**Data for analysis**:
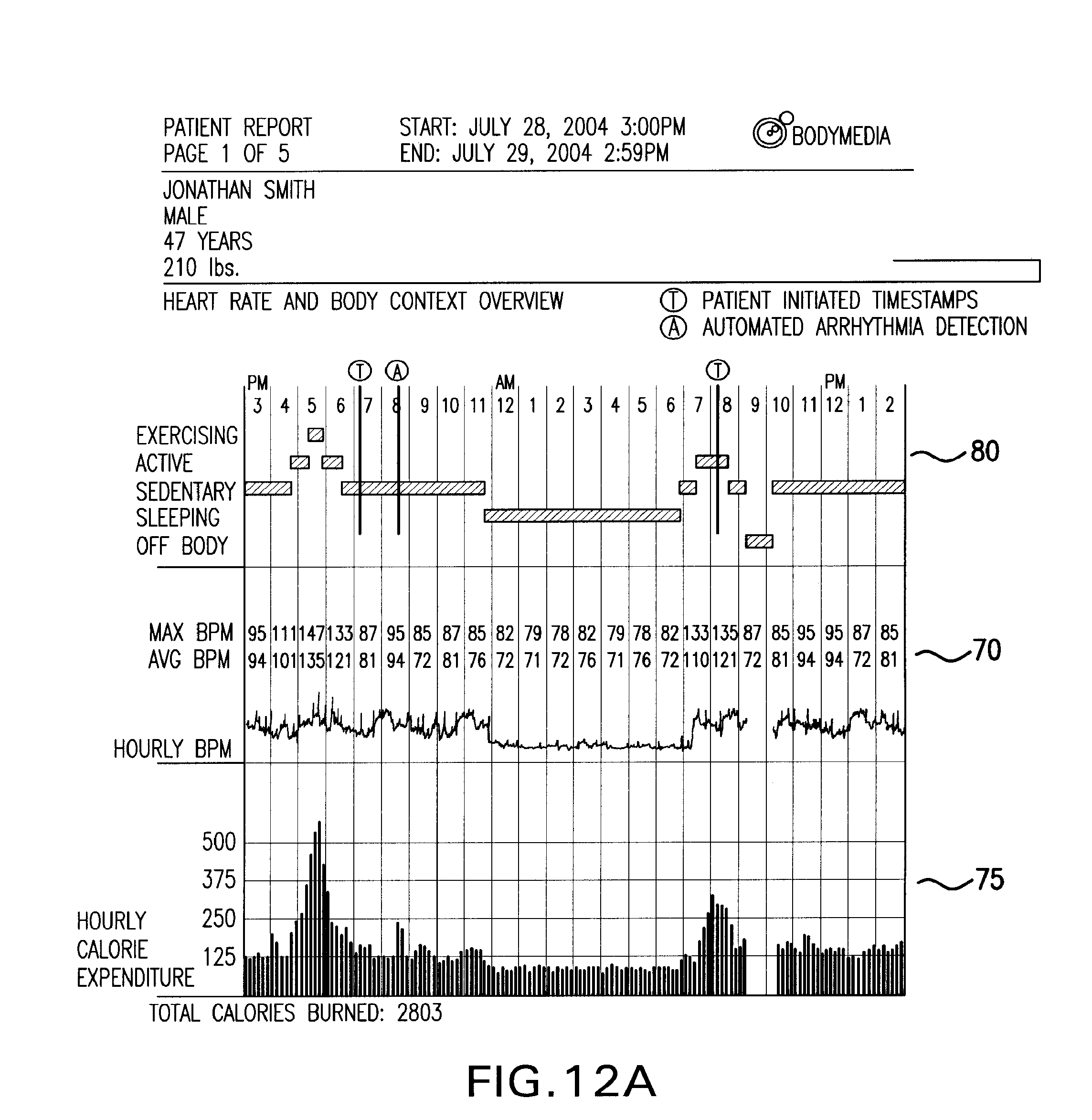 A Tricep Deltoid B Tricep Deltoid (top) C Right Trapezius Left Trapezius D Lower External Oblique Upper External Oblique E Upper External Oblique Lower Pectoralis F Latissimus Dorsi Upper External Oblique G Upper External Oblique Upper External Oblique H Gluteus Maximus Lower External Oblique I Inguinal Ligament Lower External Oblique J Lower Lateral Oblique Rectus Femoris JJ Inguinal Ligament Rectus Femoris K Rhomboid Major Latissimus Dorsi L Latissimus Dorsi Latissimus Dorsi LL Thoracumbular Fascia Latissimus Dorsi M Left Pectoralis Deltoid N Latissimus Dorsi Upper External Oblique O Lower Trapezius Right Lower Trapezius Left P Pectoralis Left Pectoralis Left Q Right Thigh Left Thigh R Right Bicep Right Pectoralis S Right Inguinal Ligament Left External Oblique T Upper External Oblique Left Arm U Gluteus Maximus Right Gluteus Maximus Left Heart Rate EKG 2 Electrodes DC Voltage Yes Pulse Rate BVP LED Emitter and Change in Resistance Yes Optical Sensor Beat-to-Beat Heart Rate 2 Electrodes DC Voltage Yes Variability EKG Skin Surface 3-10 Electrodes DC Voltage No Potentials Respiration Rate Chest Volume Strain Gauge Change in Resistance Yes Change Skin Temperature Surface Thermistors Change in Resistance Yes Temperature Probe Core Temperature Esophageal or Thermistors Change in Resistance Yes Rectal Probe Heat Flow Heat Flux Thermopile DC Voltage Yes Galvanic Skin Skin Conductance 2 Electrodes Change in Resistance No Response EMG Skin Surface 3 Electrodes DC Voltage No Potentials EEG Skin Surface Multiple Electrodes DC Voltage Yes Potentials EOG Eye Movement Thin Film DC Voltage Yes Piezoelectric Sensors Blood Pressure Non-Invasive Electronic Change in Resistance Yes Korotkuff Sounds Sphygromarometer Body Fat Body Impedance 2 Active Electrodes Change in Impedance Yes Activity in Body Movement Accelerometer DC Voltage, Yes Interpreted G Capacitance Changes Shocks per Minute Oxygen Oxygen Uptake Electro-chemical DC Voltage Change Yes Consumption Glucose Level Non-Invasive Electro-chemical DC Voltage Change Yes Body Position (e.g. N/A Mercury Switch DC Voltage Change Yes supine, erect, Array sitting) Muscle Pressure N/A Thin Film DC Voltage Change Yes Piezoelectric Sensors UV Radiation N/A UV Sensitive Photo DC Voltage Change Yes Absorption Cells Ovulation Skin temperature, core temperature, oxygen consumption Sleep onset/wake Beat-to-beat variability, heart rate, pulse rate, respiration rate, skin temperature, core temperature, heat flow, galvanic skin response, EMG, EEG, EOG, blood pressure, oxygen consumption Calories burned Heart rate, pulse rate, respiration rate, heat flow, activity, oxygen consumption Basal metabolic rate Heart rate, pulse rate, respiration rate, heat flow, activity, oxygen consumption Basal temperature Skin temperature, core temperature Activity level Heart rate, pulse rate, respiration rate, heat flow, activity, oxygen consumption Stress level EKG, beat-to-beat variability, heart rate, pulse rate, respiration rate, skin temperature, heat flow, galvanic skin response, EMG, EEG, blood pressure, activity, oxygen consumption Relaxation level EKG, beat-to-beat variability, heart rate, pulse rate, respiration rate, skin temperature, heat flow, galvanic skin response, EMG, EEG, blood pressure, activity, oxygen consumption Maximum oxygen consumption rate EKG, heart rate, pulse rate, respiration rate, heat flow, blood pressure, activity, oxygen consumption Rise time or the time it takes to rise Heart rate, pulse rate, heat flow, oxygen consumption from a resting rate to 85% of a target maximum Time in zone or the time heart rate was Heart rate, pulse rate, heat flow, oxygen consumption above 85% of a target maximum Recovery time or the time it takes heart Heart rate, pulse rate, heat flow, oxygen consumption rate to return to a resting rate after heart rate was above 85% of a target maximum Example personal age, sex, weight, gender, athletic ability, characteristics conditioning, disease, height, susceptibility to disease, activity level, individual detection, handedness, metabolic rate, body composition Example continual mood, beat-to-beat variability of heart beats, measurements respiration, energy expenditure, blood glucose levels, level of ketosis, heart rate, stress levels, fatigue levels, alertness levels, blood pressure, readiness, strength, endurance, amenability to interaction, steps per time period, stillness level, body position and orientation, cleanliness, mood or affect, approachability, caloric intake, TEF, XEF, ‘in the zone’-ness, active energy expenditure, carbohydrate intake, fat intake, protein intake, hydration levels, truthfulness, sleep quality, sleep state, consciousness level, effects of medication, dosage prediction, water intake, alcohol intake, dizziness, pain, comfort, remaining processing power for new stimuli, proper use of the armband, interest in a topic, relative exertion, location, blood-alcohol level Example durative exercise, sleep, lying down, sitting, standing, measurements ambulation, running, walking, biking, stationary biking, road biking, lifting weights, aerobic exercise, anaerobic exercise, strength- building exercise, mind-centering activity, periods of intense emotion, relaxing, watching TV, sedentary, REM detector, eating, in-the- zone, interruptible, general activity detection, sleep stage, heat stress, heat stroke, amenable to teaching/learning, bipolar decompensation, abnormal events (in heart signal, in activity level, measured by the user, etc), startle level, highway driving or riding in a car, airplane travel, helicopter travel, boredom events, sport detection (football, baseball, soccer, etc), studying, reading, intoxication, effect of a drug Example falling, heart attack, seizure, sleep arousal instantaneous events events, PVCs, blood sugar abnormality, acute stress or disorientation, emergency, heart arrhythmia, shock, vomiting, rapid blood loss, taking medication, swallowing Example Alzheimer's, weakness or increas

...

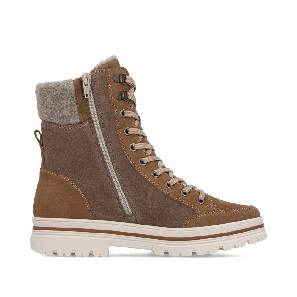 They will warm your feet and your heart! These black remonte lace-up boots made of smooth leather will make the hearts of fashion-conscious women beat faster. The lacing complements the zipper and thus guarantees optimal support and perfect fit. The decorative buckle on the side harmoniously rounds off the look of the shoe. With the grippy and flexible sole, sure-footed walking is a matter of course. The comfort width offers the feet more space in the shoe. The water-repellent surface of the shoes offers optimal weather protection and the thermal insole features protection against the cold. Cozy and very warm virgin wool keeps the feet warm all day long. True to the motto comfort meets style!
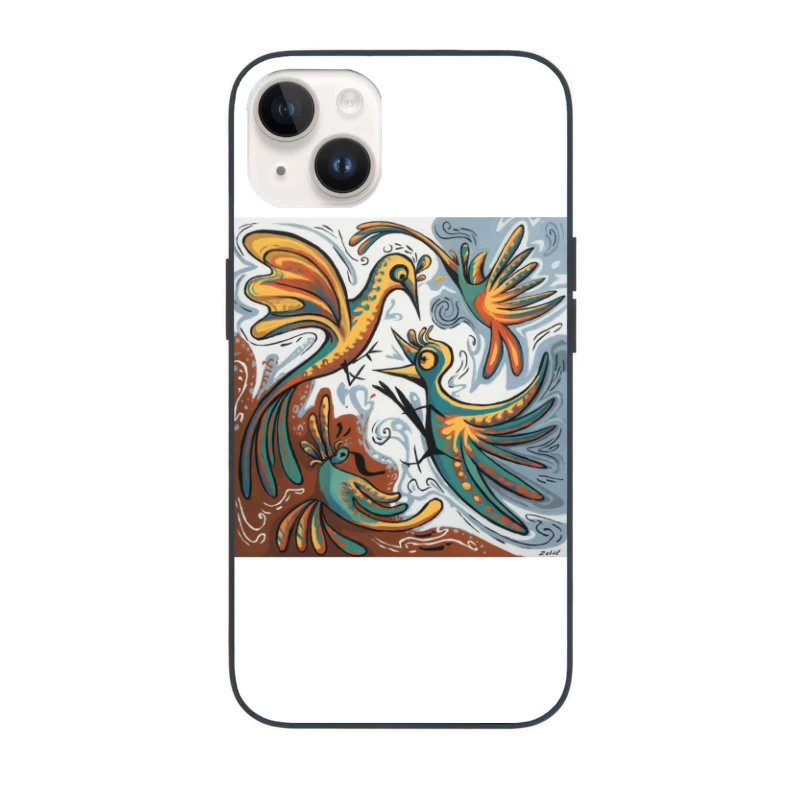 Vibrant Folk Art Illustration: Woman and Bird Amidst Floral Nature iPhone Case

**To do**:
Reproduce the entries exactly, from the line with "They will warm" to the line with "Vibrant Folk Art", both lines included, keeping no pictures.

**Answer below**:
 They will warm your feet and your heart! These black remonte lace-up boots made of smooth leather will make the hearts of fashion-conscious women beat faster. The lacing complements the zipper and thus guarantees optimal support and perfect fit. The decorative buckle on the side harmoniously rounds off the look of the shoe. With the grippy and flexible sole, sure-footed walking is a matter of course. The comfort width offers the feet more space in the shoe. The water-repellent surface of the shoes offers optimal weather protection and the thermal insole features protection against the cold. Cozy and very warm virgin wool keeps the feet warm all day long. True to the motto comfort meets style!
 Vibrant Folk Art Illustration: Woman and Bird Amidst Floral Nature iPhone Case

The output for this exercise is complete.